Background and demographic variables should be treated as context, not as direct drivers of suggestions.

In [16]:
df_time=pd.read_csv("../data/raw/Time Management and Productivity Insights.csv")
df_time.shape

(85, 9)

In [17]:
df_time.head(5)

Unnamed: 0,User ID,Age,Daily Work Hours,Daily Leisure Hours,Daily Exercise Minutes,Daily Sleep Hours,Productivity Score,Screen Time (hours),Commute Time (hours)
0,1,62,5.5,4.0,92,5.2,55,3.7,0.6
1,2,32,4.8,3.5,6,8.8,69,7.2,1.9
2,3,52,3.4,2.1,75,7.2,68,3.3,2.0
3,4,50,9.4,4.0,53,6.9,91,7.5,1.6
4,5,63,8.7,5.6,46,7.4,72,2.8,2.3


In [18]:
df_time.columns

Index(['User ID', 'Age', 'Daily Work Hours', 'Daily Leisure Hours', 'Daily Exercise Minutes', 'Daily Sleep Hours', 'Productivity Score', 'Screen Time (hours)', 'Commute Time (hours)'], dtype='object')
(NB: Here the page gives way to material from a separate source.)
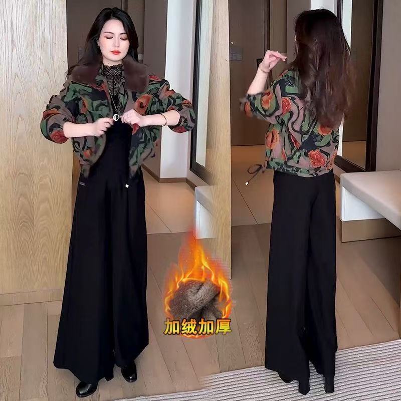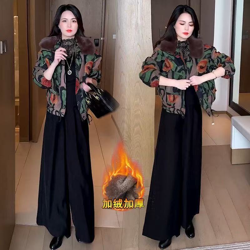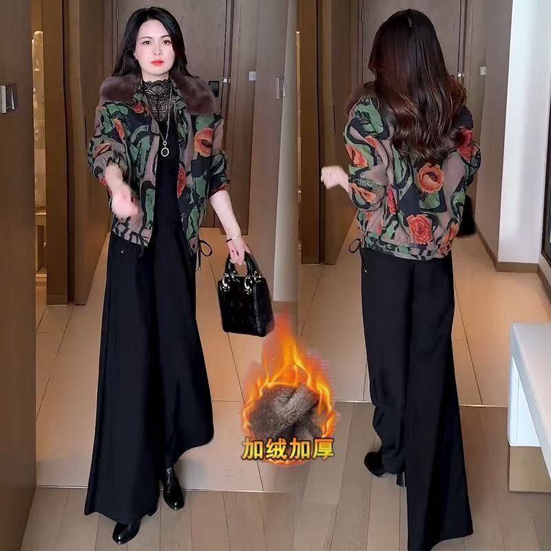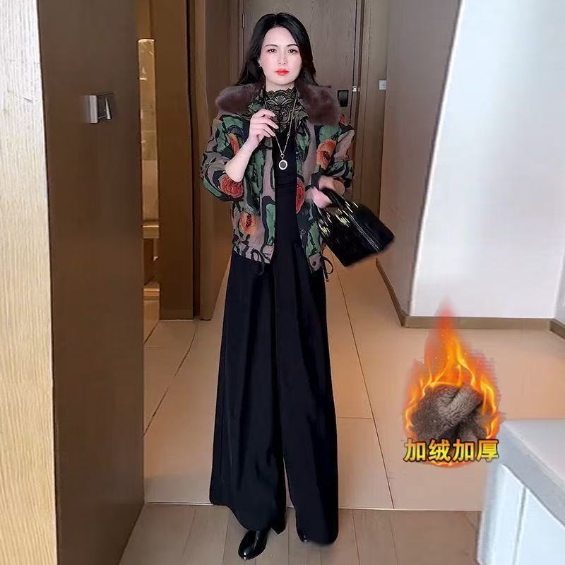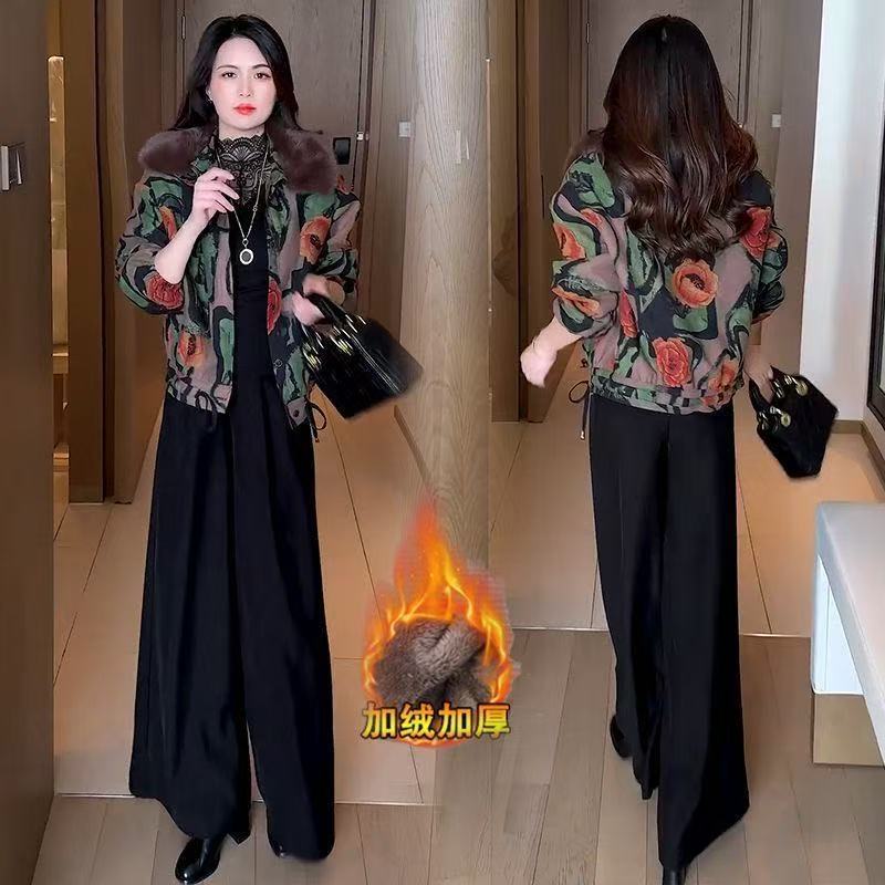 2025冬季新款妈妈印花短外套女加绒加厚洋气休闲百搭保暖夹克上衣

### Time Management & Productivity — Initial Observations

# Activity-related columns:

Daily Work Hours — time spent on work or primary responsibilities.

Daily Leisure Hours — time allocated to non-work, leisure activities.

Daily Exercise Minutes — physical activity contributing to health and energy.

Commute Time (hours) — unavoidable daily time cost affecting available productivity.

# Time & recovery-related columns:

Daily Sleep Hours — recovery and rest indicator.

Screen Time (hours) — digital exposure influencing focus and fatigue.

# Productivity / outcome indicators:

Productivity Score — overall daily productivity outcome influenced by time allocation and habits.

# Contextual / background columns:

Age — demographic context, not a behavioral signal.

User ID — identifier, not a feature.

# Relevance to NEEL:

This dataset provides a clear daily time-allocation snapshot across work, leisure, exercise, sleep, and commute.

It is well-suited for weekly and monthly productivity analysis, time balance visualization, and habit pattern detection.

The dataset supports NEEL’s goal of explaining how time distribution affects perceived productivity, rather than predicting raw scores.